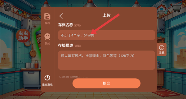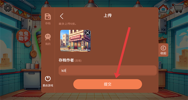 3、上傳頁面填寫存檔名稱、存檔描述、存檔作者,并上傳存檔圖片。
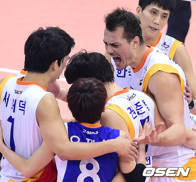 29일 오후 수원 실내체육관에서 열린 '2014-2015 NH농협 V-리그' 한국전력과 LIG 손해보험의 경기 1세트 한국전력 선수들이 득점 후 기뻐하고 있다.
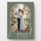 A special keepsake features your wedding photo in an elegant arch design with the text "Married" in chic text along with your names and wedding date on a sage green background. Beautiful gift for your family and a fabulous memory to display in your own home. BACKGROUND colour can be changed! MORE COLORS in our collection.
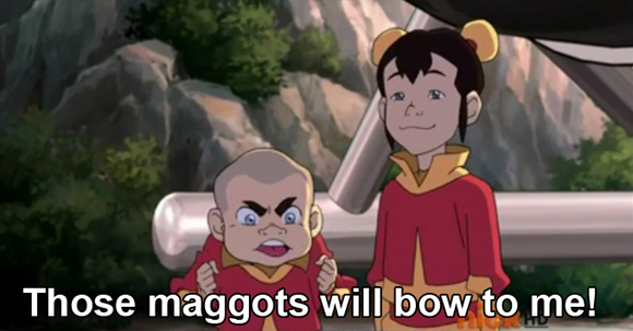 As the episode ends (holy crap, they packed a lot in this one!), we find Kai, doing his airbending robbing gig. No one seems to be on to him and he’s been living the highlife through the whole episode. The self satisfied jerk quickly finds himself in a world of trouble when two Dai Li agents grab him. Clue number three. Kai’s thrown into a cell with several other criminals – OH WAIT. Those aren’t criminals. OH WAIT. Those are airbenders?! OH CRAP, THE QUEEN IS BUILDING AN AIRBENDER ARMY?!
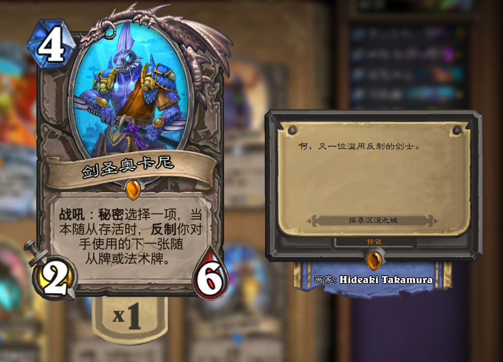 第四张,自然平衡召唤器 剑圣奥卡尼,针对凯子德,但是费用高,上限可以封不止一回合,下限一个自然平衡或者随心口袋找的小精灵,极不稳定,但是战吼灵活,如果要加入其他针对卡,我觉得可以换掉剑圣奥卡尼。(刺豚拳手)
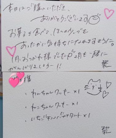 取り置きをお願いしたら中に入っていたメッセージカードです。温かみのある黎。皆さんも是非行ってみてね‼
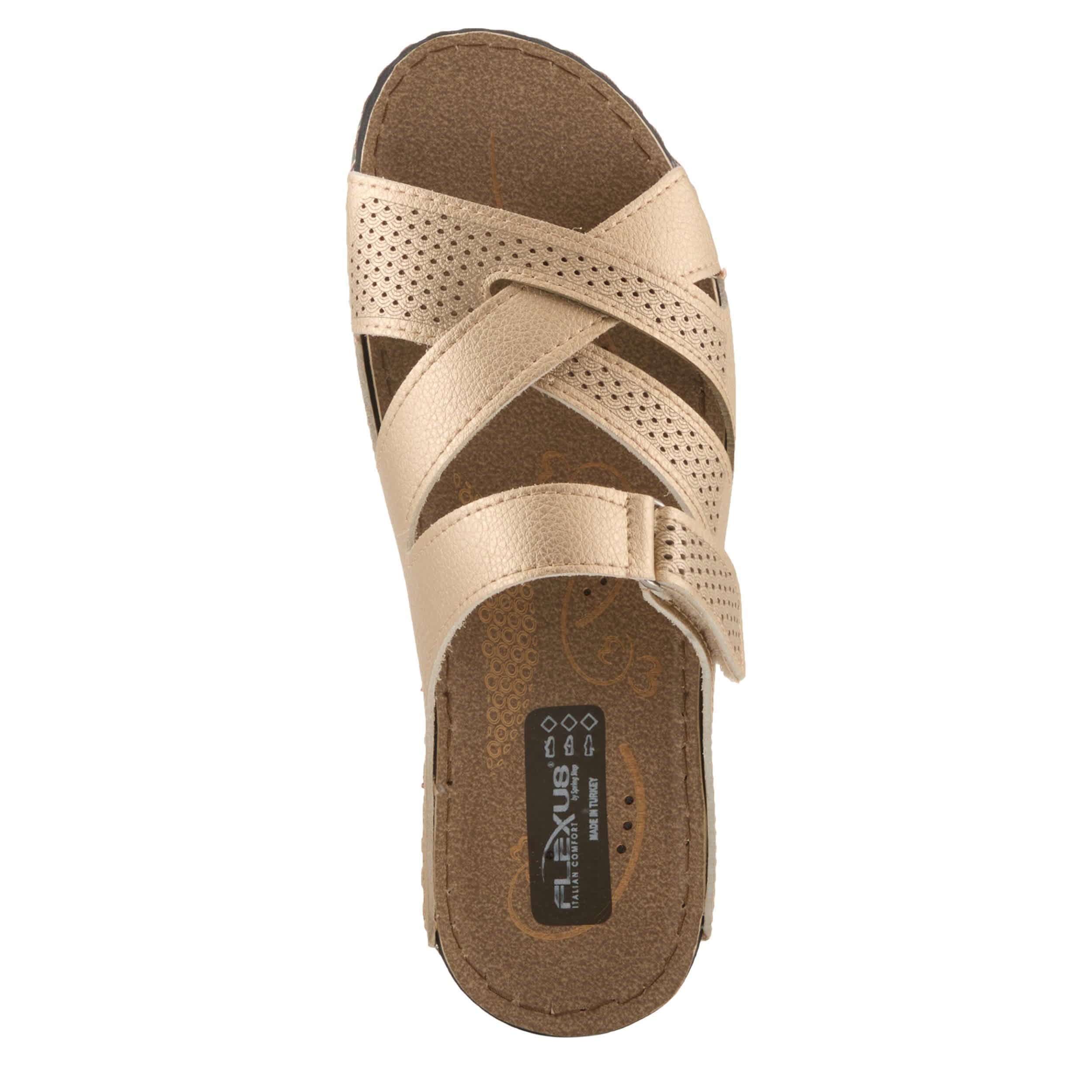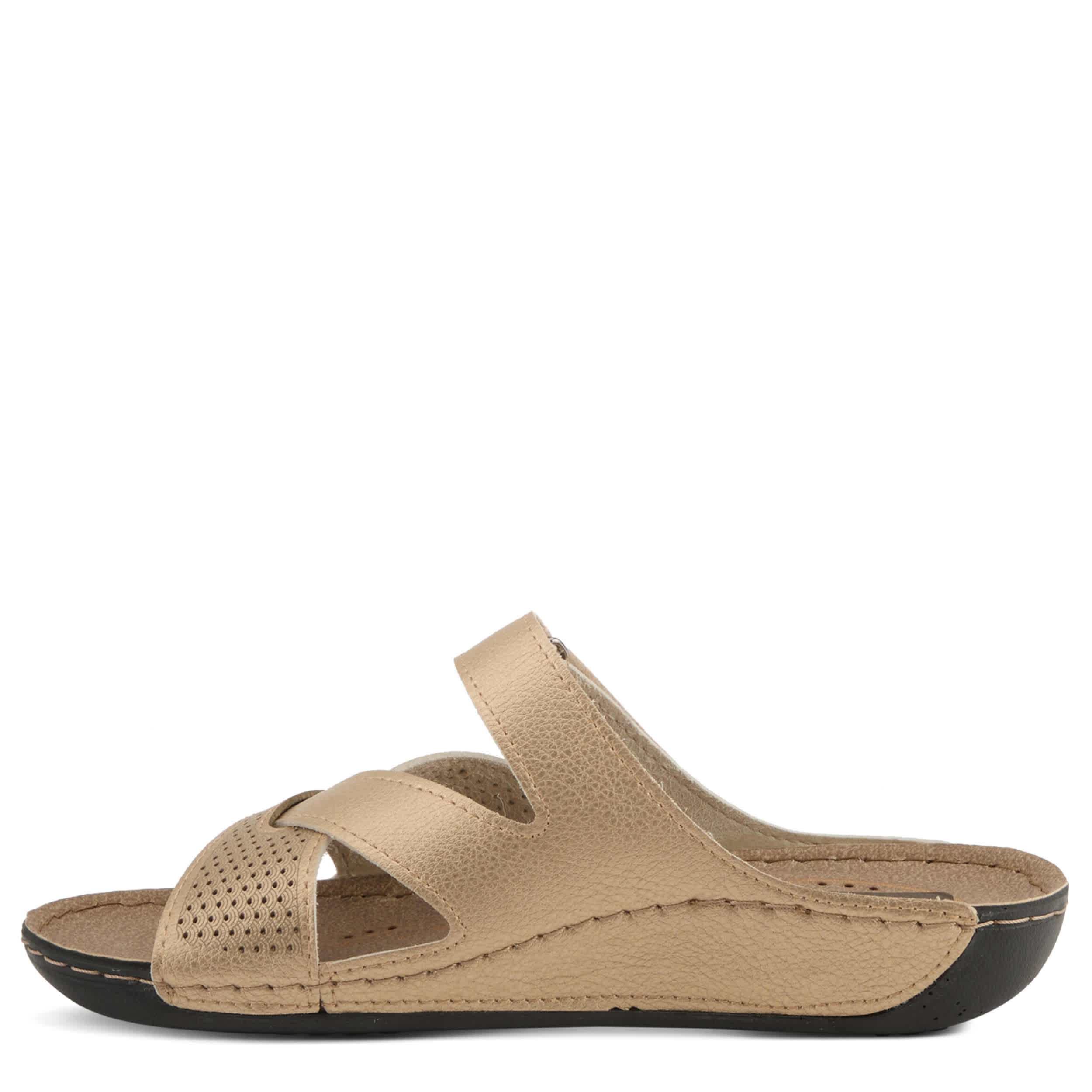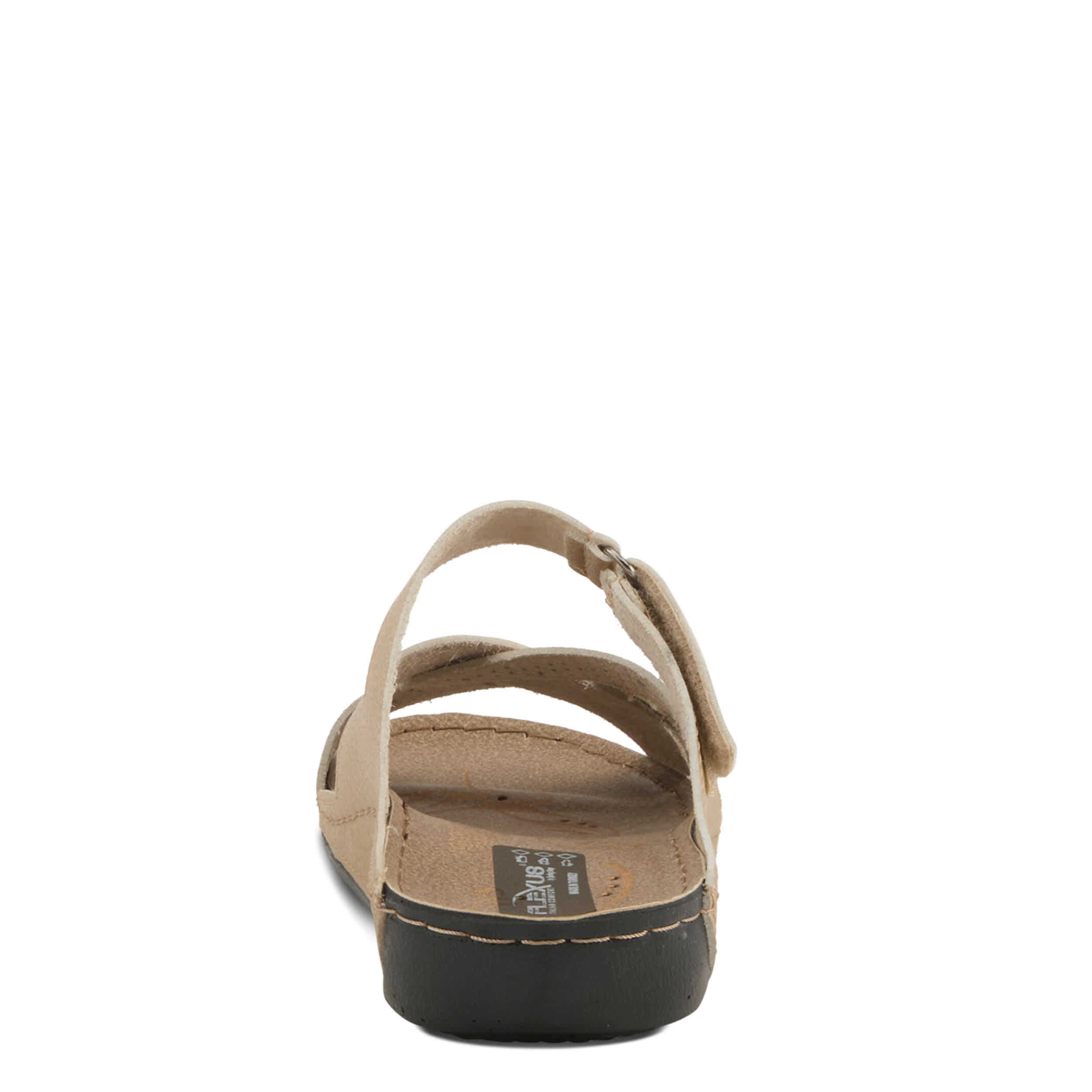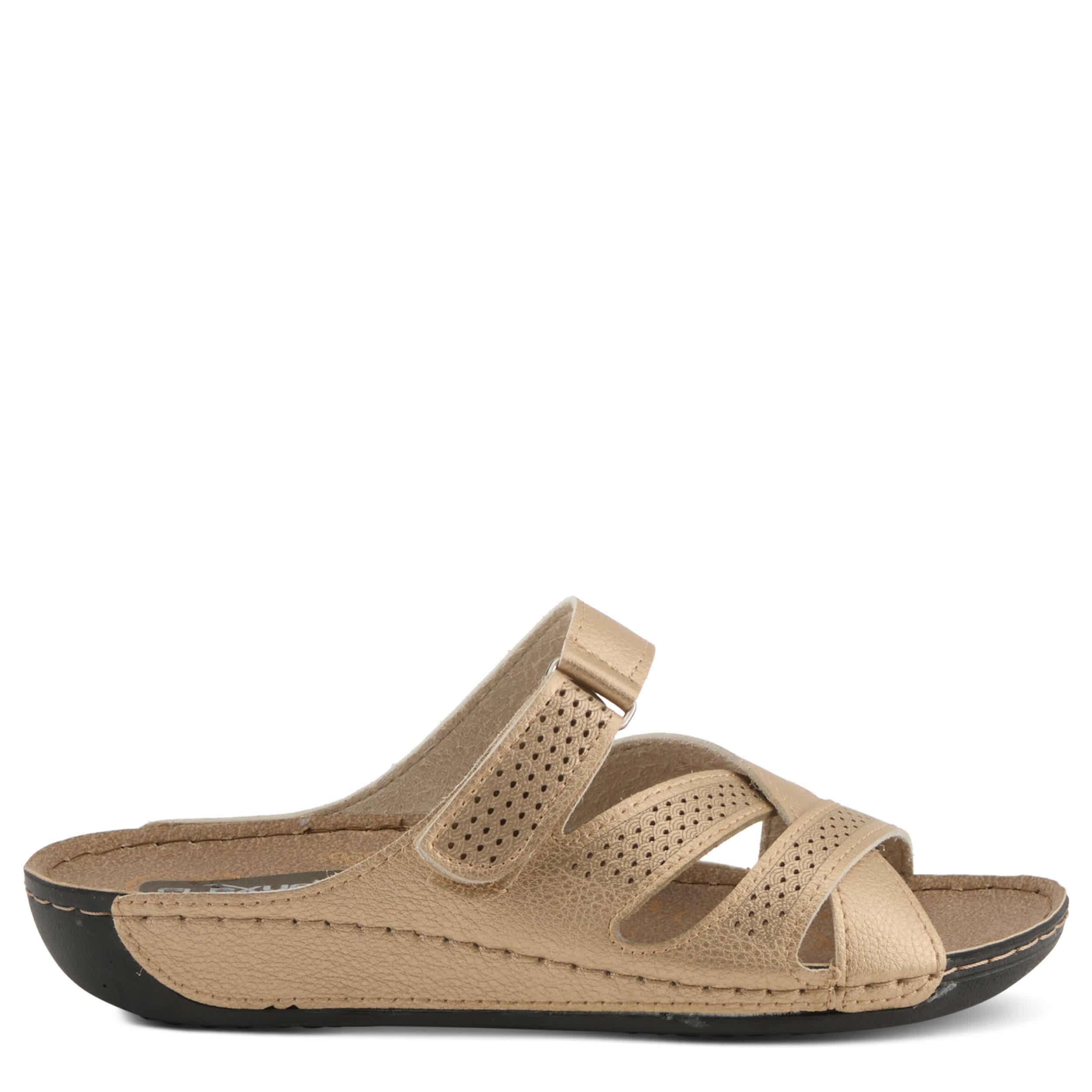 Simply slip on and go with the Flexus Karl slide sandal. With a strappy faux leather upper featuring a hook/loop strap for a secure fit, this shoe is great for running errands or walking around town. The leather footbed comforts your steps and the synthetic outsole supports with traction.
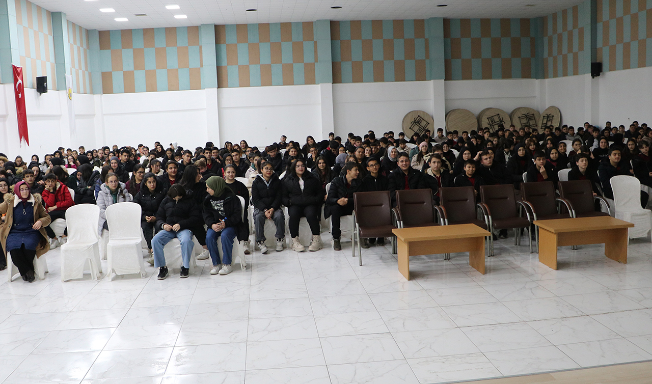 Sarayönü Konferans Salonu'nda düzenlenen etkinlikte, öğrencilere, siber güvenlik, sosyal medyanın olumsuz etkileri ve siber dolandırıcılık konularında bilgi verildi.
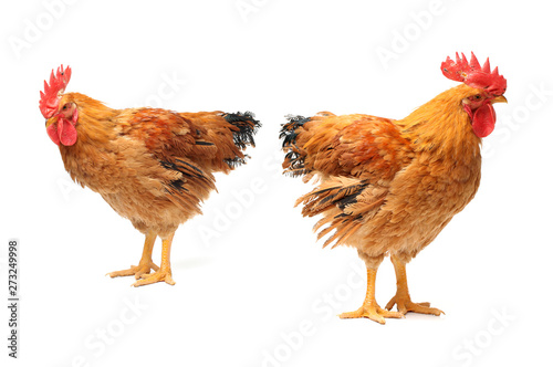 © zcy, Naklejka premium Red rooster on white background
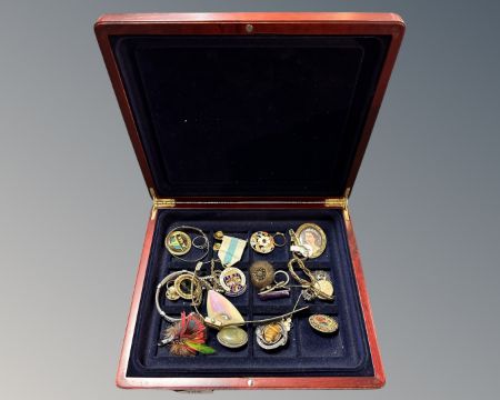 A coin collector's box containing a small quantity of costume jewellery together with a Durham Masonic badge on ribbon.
■ ■ ■ ■ ■
Using the listing above, reproduce word for word every line from the one containing "A special keepsake" through the one containing "Simply slip on". Pictures must be left out.

 A special keepsake features your wedding photo in an elegant arch design with the text "Married" in chic text along with your names and wedding date on a sage green background. Beautiful gift for your family and a fabulous memory to display in your own home. BACKGROUND colour can be changed! MORE COLORS in our collection.
 As the episode ends (holy crap, they packed a lot in this one!), we find Kai, doing his airbending robbing gig. No one seems to be on to him and he’s been living the highlife through the whole episode. The self satisfied jerk quickly finds himself in a world of trouble when two Dai Li agents grab him. Clue number three. Kai’s thrown into a cell with several other criminals – OH WAIT. Those aren’t criminals. OH WAIT. Those are airbenders?! OH CRAP, THE QUEEN IS BUILDING AN AIRBENDER ARMY?!
 第四张,自然平衡召唤器 剑圣奥卡尼,针对凯子德,但是费用高,上限可以封不止一回合,下限一个自然平衡或者随心口袋找的小精灵,极不稳定,但是战吼灵活,如果要加入其他针对卡,我觉得可以换掉剑圣奥卡尼。(刺豚拳手)
 取り置きをお願いしたら中に入っていたメッセージカードです。温かみのある黎。皆さんも是非行ってみてね‼
 Simply slip on and go with the Flexus Karl slide sandal. With a strappy faux leather upper featuring a hook/loop strap for a secure fit, this shoe is great for running errands or walking around town. The leather footbed comforts your steps and the synthetic outsole supports with traction.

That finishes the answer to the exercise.